» EXTRACTED DATA
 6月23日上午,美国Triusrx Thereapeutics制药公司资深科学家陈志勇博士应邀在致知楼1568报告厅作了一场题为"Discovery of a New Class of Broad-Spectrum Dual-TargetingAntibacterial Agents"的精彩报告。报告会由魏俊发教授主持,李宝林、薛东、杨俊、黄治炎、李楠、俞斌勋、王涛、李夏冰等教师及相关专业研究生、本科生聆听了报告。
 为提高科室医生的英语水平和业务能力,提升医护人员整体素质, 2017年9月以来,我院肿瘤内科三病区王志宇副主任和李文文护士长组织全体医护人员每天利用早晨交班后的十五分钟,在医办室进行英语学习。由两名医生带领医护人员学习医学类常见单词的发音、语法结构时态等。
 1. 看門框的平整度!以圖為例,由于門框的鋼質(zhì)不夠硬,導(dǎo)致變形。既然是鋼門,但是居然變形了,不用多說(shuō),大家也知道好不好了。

* * *

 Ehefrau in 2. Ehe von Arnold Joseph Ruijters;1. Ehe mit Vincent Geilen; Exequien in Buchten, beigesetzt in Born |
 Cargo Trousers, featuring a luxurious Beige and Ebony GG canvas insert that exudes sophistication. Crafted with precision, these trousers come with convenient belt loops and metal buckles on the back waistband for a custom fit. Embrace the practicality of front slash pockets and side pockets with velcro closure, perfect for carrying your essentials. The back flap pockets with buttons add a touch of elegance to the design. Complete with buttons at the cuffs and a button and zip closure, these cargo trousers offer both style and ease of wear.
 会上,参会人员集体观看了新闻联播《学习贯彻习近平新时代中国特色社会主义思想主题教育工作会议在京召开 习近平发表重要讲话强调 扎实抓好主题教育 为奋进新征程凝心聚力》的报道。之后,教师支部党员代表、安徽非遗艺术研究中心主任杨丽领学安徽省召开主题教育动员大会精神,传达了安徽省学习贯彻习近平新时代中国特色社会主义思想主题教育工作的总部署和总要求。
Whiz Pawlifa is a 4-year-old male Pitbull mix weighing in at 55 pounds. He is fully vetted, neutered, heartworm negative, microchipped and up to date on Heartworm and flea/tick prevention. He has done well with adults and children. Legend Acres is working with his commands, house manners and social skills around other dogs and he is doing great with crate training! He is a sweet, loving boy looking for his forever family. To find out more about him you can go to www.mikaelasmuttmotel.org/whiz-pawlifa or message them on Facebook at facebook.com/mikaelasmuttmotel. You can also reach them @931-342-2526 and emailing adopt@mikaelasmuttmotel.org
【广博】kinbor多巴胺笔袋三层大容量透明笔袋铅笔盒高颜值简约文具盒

* * *

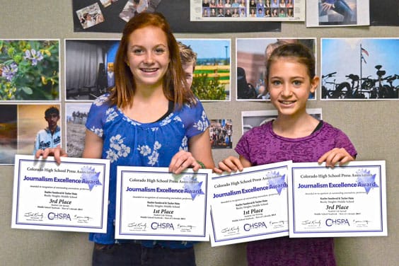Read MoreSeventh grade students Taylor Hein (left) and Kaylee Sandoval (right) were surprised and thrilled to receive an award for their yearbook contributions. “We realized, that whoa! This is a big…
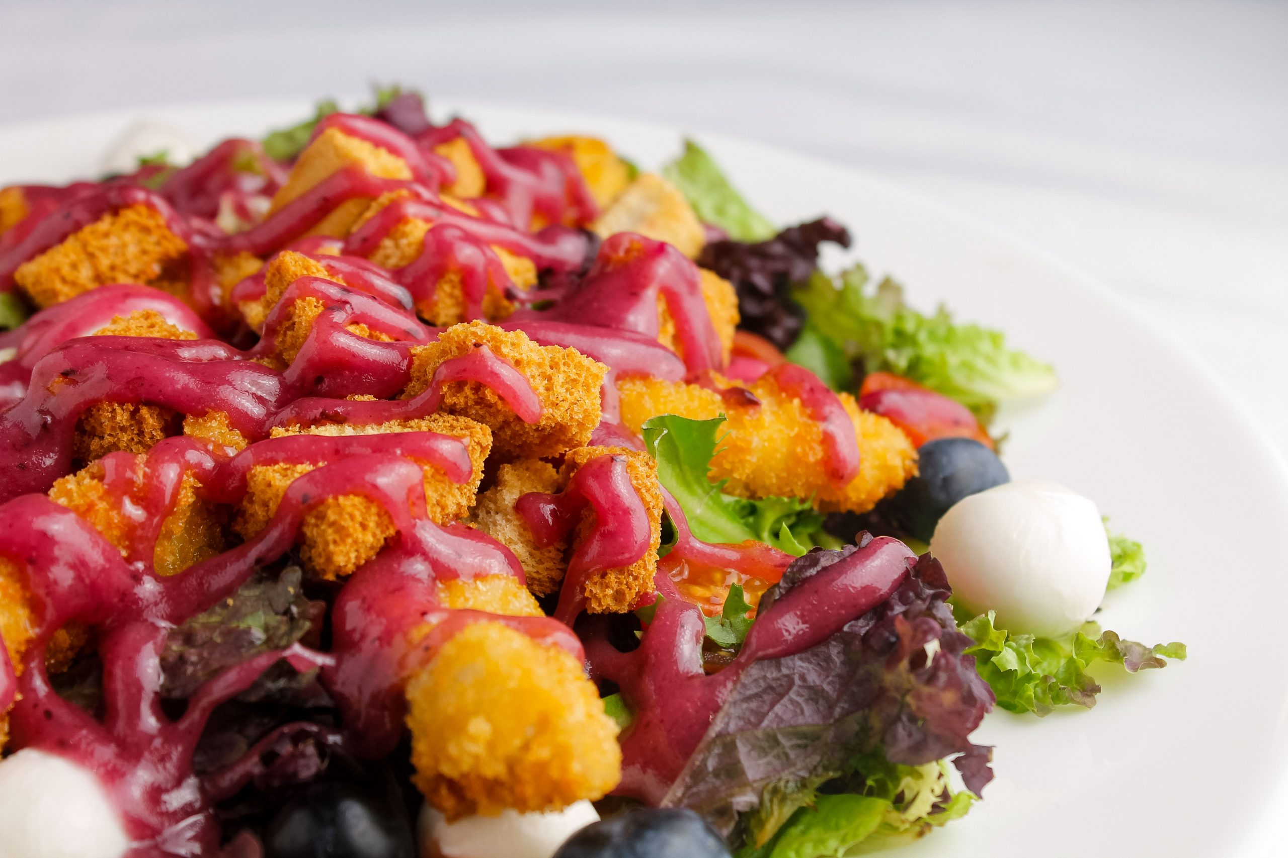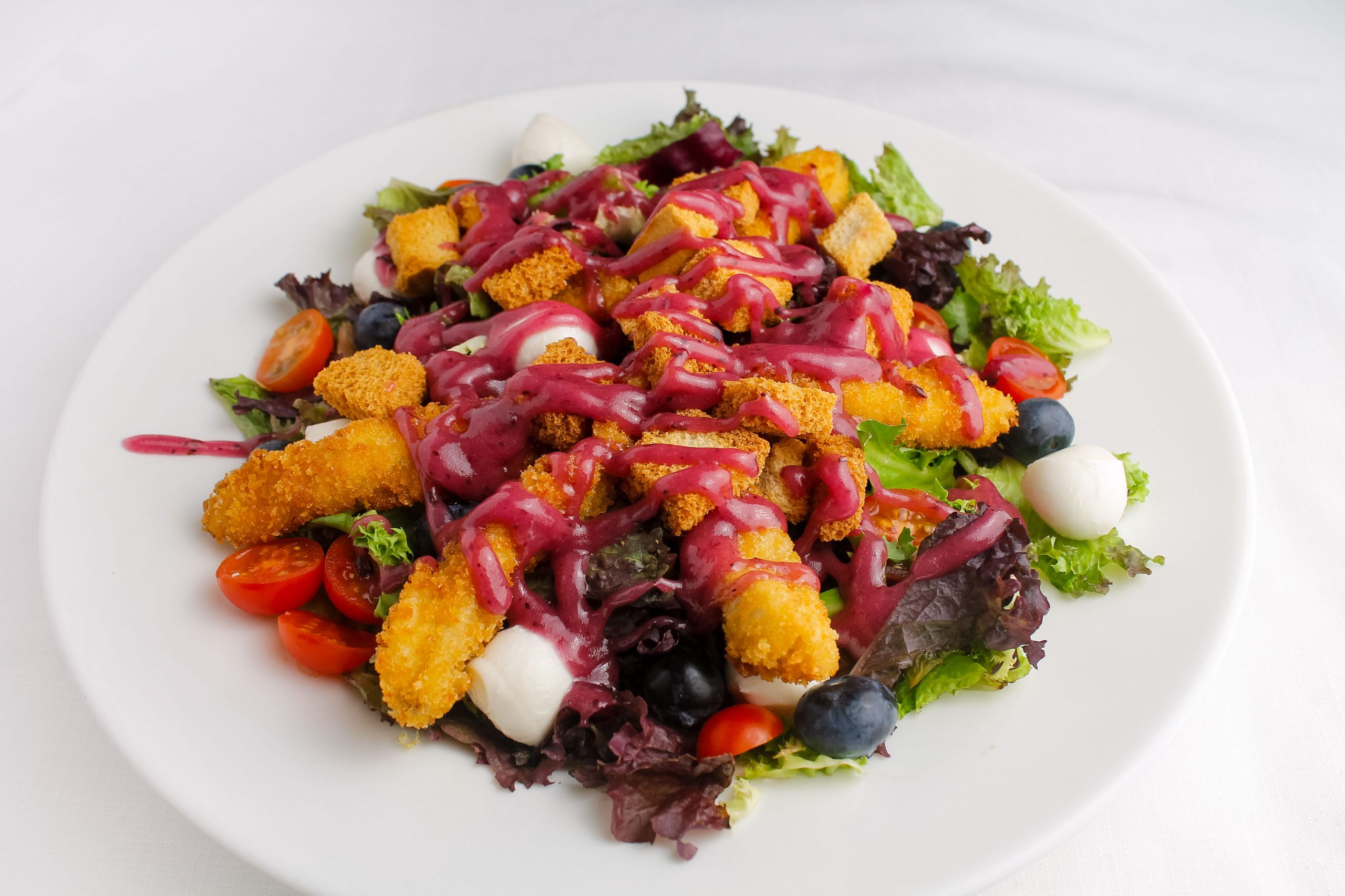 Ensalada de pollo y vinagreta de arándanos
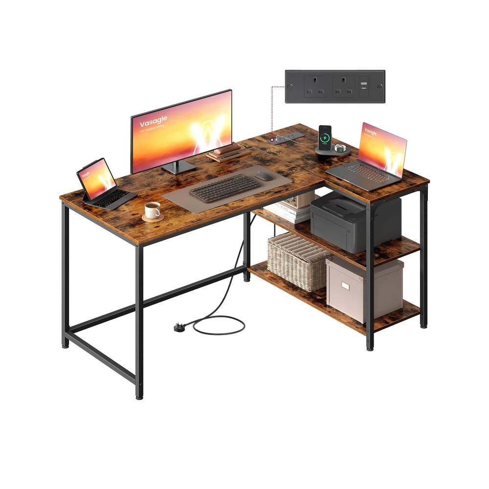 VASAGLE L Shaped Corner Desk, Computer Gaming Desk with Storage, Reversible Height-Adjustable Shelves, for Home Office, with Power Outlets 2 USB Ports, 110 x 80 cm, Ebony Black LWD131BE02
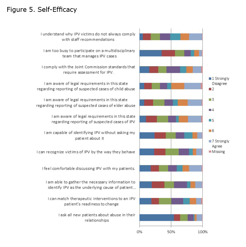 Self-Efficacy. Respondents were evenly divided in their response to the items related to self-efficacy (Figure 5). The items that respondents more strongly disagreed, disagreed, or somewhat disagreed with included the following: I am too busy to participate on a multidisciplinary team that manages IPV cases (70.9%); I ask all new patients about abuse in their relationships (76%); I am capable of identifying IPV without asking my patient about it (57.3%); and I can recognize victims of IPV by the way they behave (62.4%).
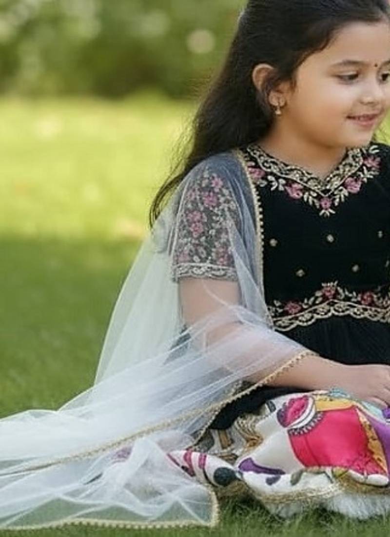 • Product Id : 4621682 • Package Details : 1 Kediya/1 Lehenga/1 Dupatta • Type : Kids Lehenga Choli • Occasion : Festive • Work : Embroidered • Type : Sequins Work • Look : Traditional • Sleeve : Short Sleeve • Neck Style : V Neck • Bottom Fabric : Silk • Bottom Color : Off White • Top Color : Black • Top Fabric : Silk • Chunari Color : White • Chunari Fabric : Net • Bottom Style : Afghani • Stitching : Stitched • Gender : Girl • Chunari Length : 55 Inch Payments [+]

» WHAT YOU HAVE TO DO
Among the records above, locate the line containing "Self-Efficacy. Respondents were" and the line containing "Inch Payments [+]", then transcribe exactly the lines starting at the first and ending at the second, with no pictures.

» RESULT OF THIS TASK
 Self-Efficacy. Respondents were evenly divided in their response to the items related to self-efficacy (Figure 5). The items that respondents more strongly disagreed, disagreed, or somewhat disagreed with included the following: I am too busy to participate on a multidisciplinary team that manages IPV cases (70.9%); I ask all new patients about abuse in their relationships (76%); I am capable of identifying IPV without asking my patient about it (57.3%); and I can recognize victims of IPV by the way they behave (62.4%).
 • Product Id : 4621682 • Package Details : 1 Kediya/1 Lehenga/1 Dupatta • Type : Kids Lehenga Choli • Occasion : Festive • Work : Embroidered • Type : Sequins Work • Look : Traditional • Sleeve : Short Sleeve • Neck Style : V Neck • Bottom Fabric : Silk • Bottom Color : Off White • Top Color : Black • Top Fabric : Silk • Chunari Color : White • Chunari Fabric : Net • Bottom Style : Afghani • Stitching : Stitched • Gender : Girl • Chunari Length : 55 Inch Payments [+]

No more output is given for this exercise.